Ten days later, I was in his office. He did a really hands-on assessment all the while saying things like, “this is not good”, “oh Mark, this is bad” and, “how long have you lived with this? I can’t imagine how much pain you must be in”. I could have cried - again. In the span of ten minutes this man had identified all the centers of pain in my neck and shoulders and was telling me he could help me.
He explained that in addition to being a Chiropractor, he was also a certified Active Release Therapy practitioner and said that was what I needed because I had a TON of soft-tissue damage that was impacting my nervous system in a very very bad way.
He gave me my first treatment. It was painful but I told him to do his worst if it meant a release from pain of the chronic variety. It took roughly six weeks and a dozen treatments but I’m sitting here with relatively no pain. It now hovers around a one to two on a scale of ten.

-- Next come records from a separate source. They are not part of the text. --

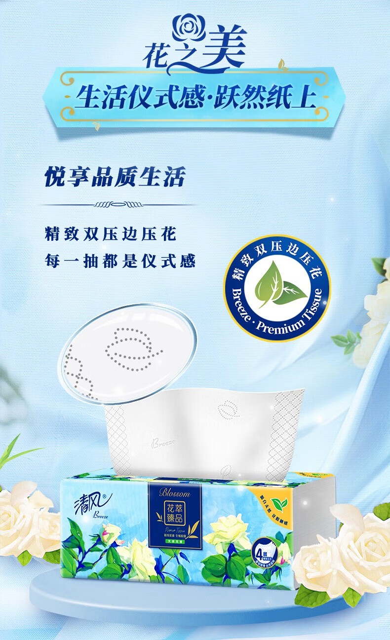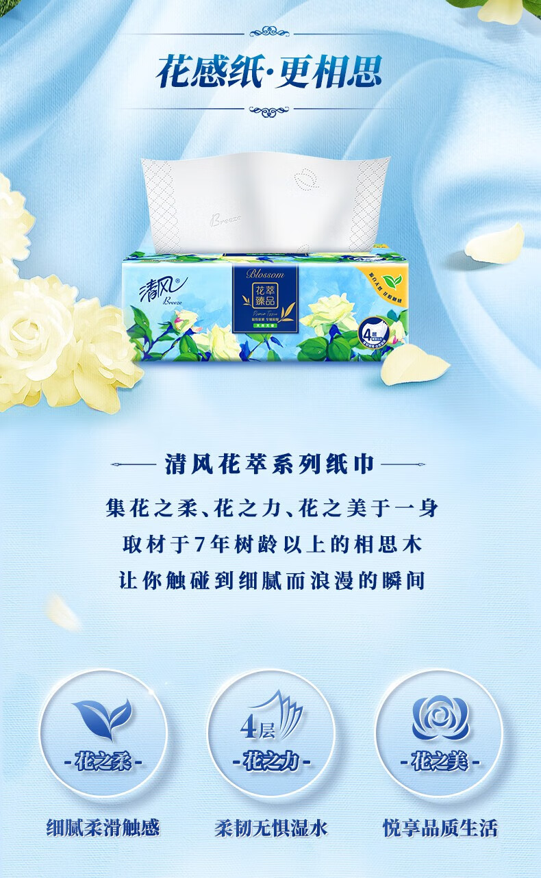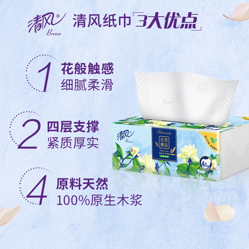 商品名称:清风 花萃抽纸12提*4包*4层加厚*80抽
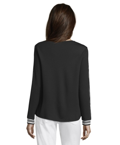 Джемпер прямого покроя. Круглый вырез горловины, удлиненная спинка, длинные рукава на манжетах. Материал из вискозной смеси обеспечивает комфорт. Блестящая отделка вдоль рукавов и декор стразами придают образу гламур. Отличный вариант верха для стильного повседневного образа!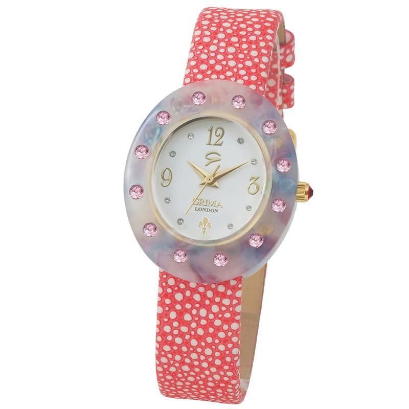 イタリア貴族出身のデザイナー、グリマが選び抜いた天然由来の樹脂を使用し、上品なオーバル(楕円)型に仕上げ、デザイン性だけでなく、肌に優しいのも特徴。1点ずつ異なる天然樹脂の美しさを生かしつつ、ふんだんにあしらったスワロフスキーのクリスタルガラスとの組み合わせが独創的な美しさを演出。ロンドン育ちのグリマの恵まれた感性で、エレガントな文字盤のデザインに、インデックス(時刻を表す数字)部分や竜頭の先端にも全体を引き立たせるクリスタルガラスをさりげなくあしらっています。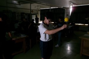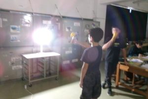今日は、理科室を暗幕で暗くし、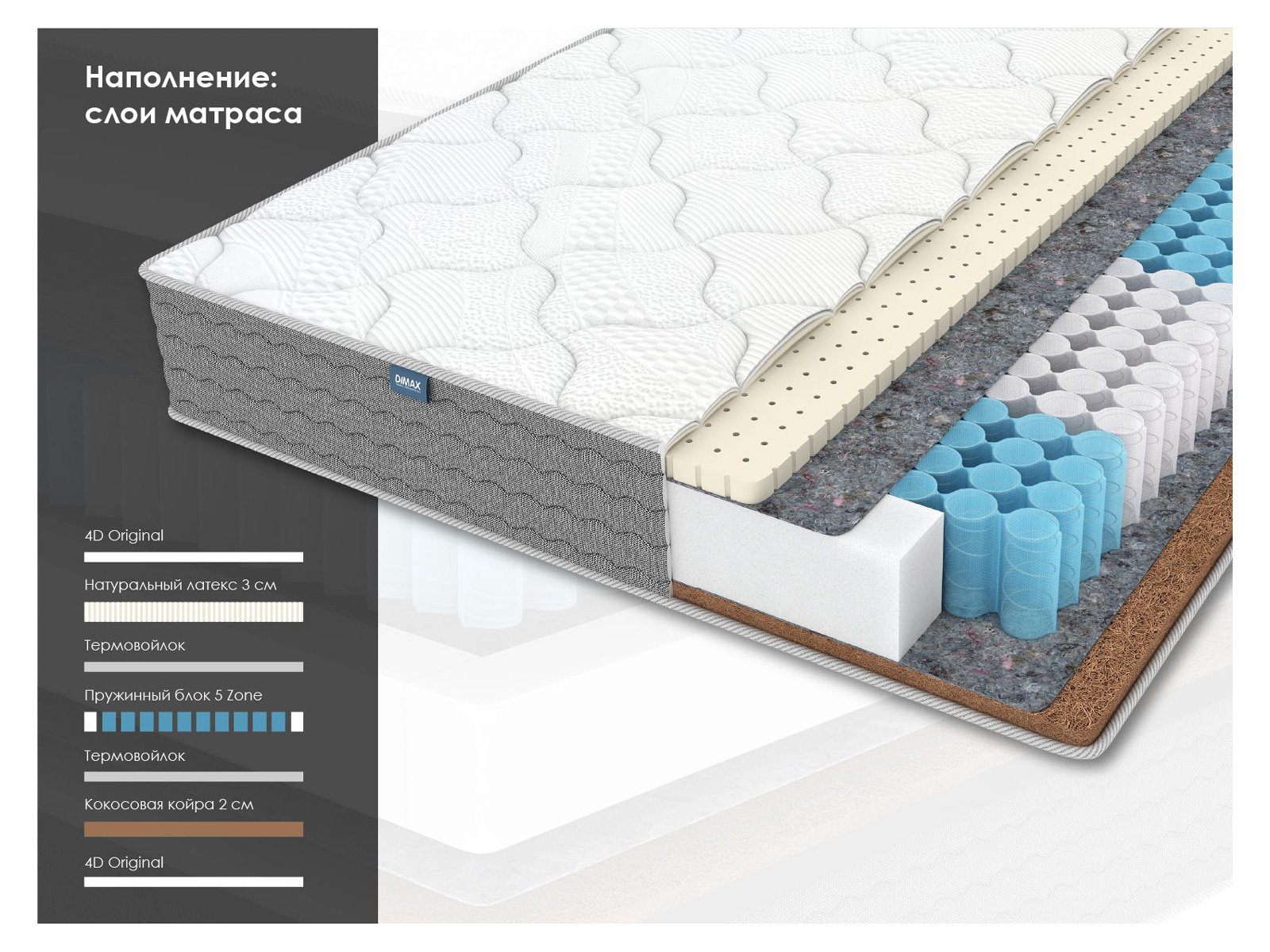 Ещё один элемент, который забирает на себя основную часть нагрузки – это независимый пружинный блок 5 Zone. Он отвечает за правильное положение человека во сне. Пружины не позволят провалиться внутрь и в то же время обеспечат анатомически верное удержание спины.

To sound very cliche’ about it, a cloud has lifted. My ability to focus and think is returning. The depression I’ve only recently become aware of is gone and the screaming inside my head is going away. For the first time in years, I feel good.
So, the lessons are: Don’t give up, don’t listen to people who say “live with it”, and don’t put 100% of your confidence in medical doctors because they are not the be-all and end-all when it comes to matters of the spine.
I could cry - again.






Comment by Lara
Thursday July 21, 2005 @
Wow Mark, wow! I’m speechless. And so happy for you.